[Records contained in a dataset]
○ ○ ○
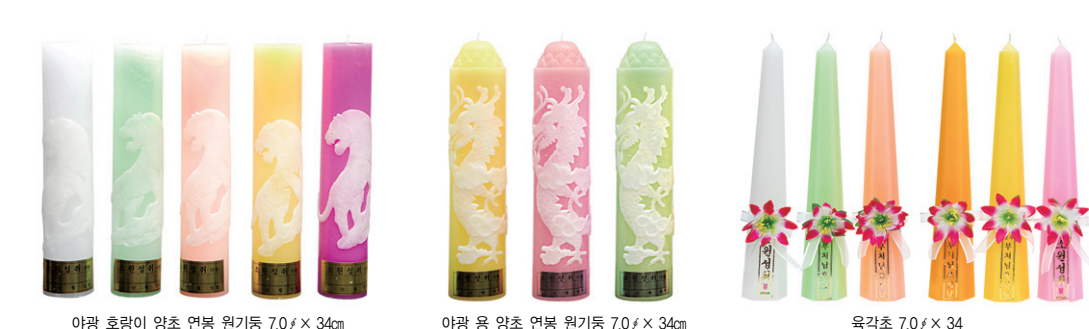
아랑 호랑이 양초 연병 원기등 7.0f x 34cm 아랑 용 양초 연병 원기등 7.0f x 34cm 육각초 7.0f x 34
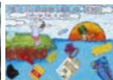
Escola Municipal Maria da Penha de Oliveira - RJ
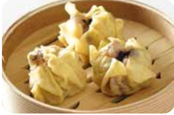
16 蛸焼売 Octopus shao-mai dumplings

*A-la-carte dim sum available (¥500 each)
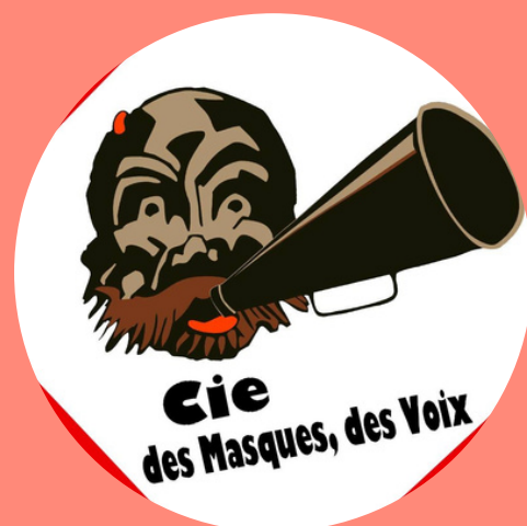
COMPAGNIE DES MASQUES, DES VOIX
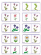
Domino fleurs Planche 1

Imprimez toutes les planches du jeu de dominos des fleurs :
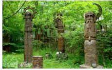
6. Деревянная статуя языческого божества
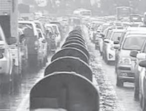
મુંબઈમાં પાણી ભરાઈ ગયા હતા

માતા, પારેલ, દાદર, પશ્ચિમ ઉપનગરીય વિસ્તારોમાં ઇંટપુણ સુધીના પાણી ભરાઈ ગયા હતા. ટ્રાફિક સિગ્નલોને પણ માટી અસર થઈ હતી. બે મુખ્ય એક્સપ્રેસ લાઈવે ઉપર પણ ટ્રાફિક સિગ્નલોને અસર થઈ હતી. સિવિક સત્તા વાળાઓ સામે નવી પડકારરૂપ સ્થિતિ ઉભી થઈ ગઈ હતી. જે વિસ્તારોમાં વધુ પાણી ભરાઈ ગયા હતા તે વિસ્તારમાંથી પાણી બહાર કાઢવા પંપનો ઉપયોગ કરવામાં આવ્યો હતો. હવામાન વિભાગે આગાહી કરી છે કે મુંબઈ, થાણે અને રાયગડ જિલ્લામાં આગામી ૩૬ કલાક દરમિયાન ભારે વરસાદ થઈ શકે છે. મહારાષ્ટ્રના અન્ય ભાગોમાં પણ અતિભારે વરસાદ થઈ શકે છે. આગામી ૨૪ કલાકમાં દક્ષિણ કોલકા અને ગોવામાં ભારે વરસાદ થયો હતો. રવિવાર સુધી મુંબઈમાં ઓગસ્ટના મહિનામાં સૌથી ઓછો વરસાદ નોંધાયો છે. મુંબઈમાં માત્ર ૨૪.૬ મીમી જેટલો વરસાદ ઓગસ્ટ મહિનામાં નોંધાયો છે.
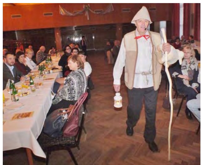
Předseda jako pastýř sleduje Betlémskou hvězdu.

Zcela netradiční bylo zahájení večírku. Nejprve jako pastýř přichází předseda s lucernou, holí a ovečkou. Sděluje, že se pastýřům zjevil anděl, který je vyzval, aby vyrazili do města Davidova, kde naleznou narozené děťátko.
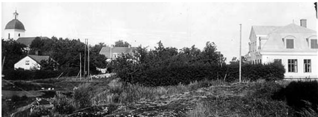
Foto över omgivningarna vid Styrstadskyrka 1931. Byggnaden i det sydöstra hörnet har fungerat som skolor, tingshus och arrestlokal.
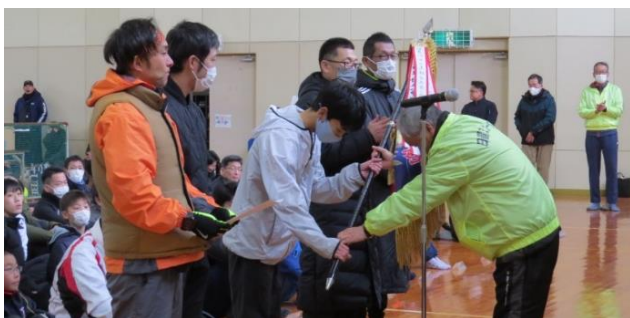
↑古市Aチームへの優勝旗授与の様子
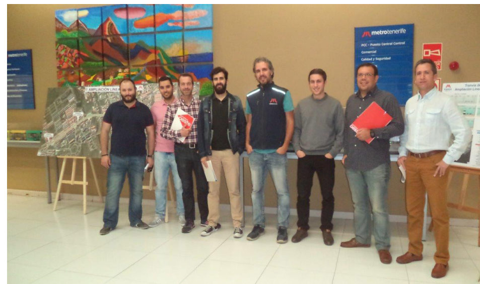
Nuestros compañeros de Informática e Ingeniería de Sistema explicaron el funcionamiento de SIMOVE a la delegación de Metro Ligero Oeste de Madrid.

Con la finalidad de que tuvieran un mayor conocimiento del sistema, les explicamos en detalle su funcionamiento técnico, las posibilidades de su potente Back Office, además de realizar demostraciones en vía.
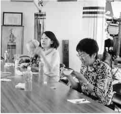
熱心に作業しています

六月四日(月)、千種支部主婦の会主催の可愛い小物づくり(ブローチ)教室を田代学区消防団詰所にて開催しました。事前に皆さんに
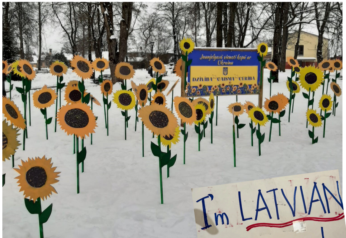
Saulespuķu dārzs Jaunjelgavā
○ ○ ○
__Work required__. Go through the records and show every line with the string "funcionamiento" in it.

__Task solution__.
Nuestros compañeros de Informática e Ingeniería de Sistema explicaron el funcionamiento de SIMOVE a la delegación de Metro Ligero Oeste de Madrid.
Con la finalidad de que tuvieran un mayor conocimiento del sistema, les explicamos en detalle su funcionamiento técnico, las posibilidades de su potente Back Office, además de realizar demostraciones en vía.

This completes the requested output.